Мы получили приказ защищать нефтяные промыслы и обучать румын летать на 109-х. Для того времени это была особая миссия, потому что официально Румыния была нейтральной страной. Тогда в этой стране еще находились британское, американское, французское и русское посольства. Хорошо помню день рождения короля Карла, который уехал вместе с мадам Лупеску (Lupescu), помню, как королем стал Михай, его сын: настоящий джентльмен, весьма уважаемый, но все еще очень молодой человек. Прошел парад в честь его дня рождения: промаршировали румынские войска, и немецкие офицеры были на трибунах рядом с американским послом. Это было немного забавно…

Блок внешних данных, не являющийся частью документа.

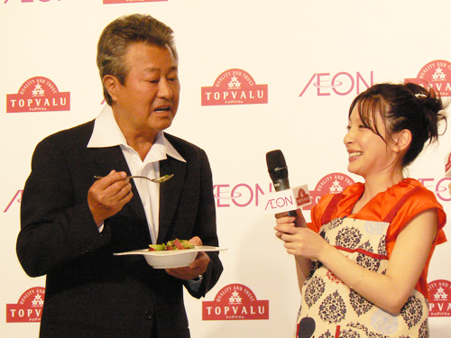 俳優の梅宮辰夫(72)と女優の奥菜恵(31)が24日、都内でイオンの食料品ブランド「トップバリュ」の新商品発表会に出席した。

Мы летали, знакомились с местностью. Летали вместе с румынами, и у нас с ними сложились отличные отношения. В то Рождество я ездил в Германию на поезде, вернулся январе 1941-го. В один из вечеров я получил приглашение вместе с другом побывать на ужине у румын, в полной военной форме. Место это было близ какого-то замка в Бухаресте. Шел снег, было холодно, мы жили в отеле, а на аэродром ездили на такси. С этого ужина мы пошли пешком в отель, дел было часов в 11 вечера. По дороге я расслышал шесть пистолетных выстрелов, и мы поспешили на главную улицу. Мы увидели немецкого офицера, который лежал на земле, и какого-то убегавшего гражданского. Мы погнались за ним, стреляя, и, когда догнали его, он выбросил свой пистолет в снег. Потом к нам присоединились какие-то водители такси, которые окружили его и не дали убежать. Этот парень приехал из Турции с секретным заданием убить генерала Ханзена (Hansen). Он возглавлял германскую миссию в Румынию. У генерала на брюках были красные лампасы, и это парень высмотрел его через окно кафе Bucharest, которое находилось в здании отеля, человека с красными лампасами на бриджах. Но это оказался немецкий штабной офицер, лампасы которого имели другой оттенок красного, - подполковник. Этот агент убил подполковника. Потом были похороны, большая церемония. Были представители Железной Гвардии (GardadeFier) и премьер Антонеску (Antonescu). Потом случился переворот. Много было перестрелок между румынами, и мы, немцы, оказались между двух огней. Каждый день мы ездили на аэродром, который охраняло кольцо верных присяге сил, окруженное внешним кольцом повстанцев. Все были расположены к нам дружелюбно, потому что мы были им нужны, но они продолжали стрелять друг в друга. Страну охватил хаос, и, в итоге, Антонеску был поддержан Гитлером в качестве законного лидера. На этом через пару недель все закончилось.  Я оставался там, пока мы не переместились в Грецию, в Афины. Моя группа приняла участие в захвате Крита в мае 1941-го.    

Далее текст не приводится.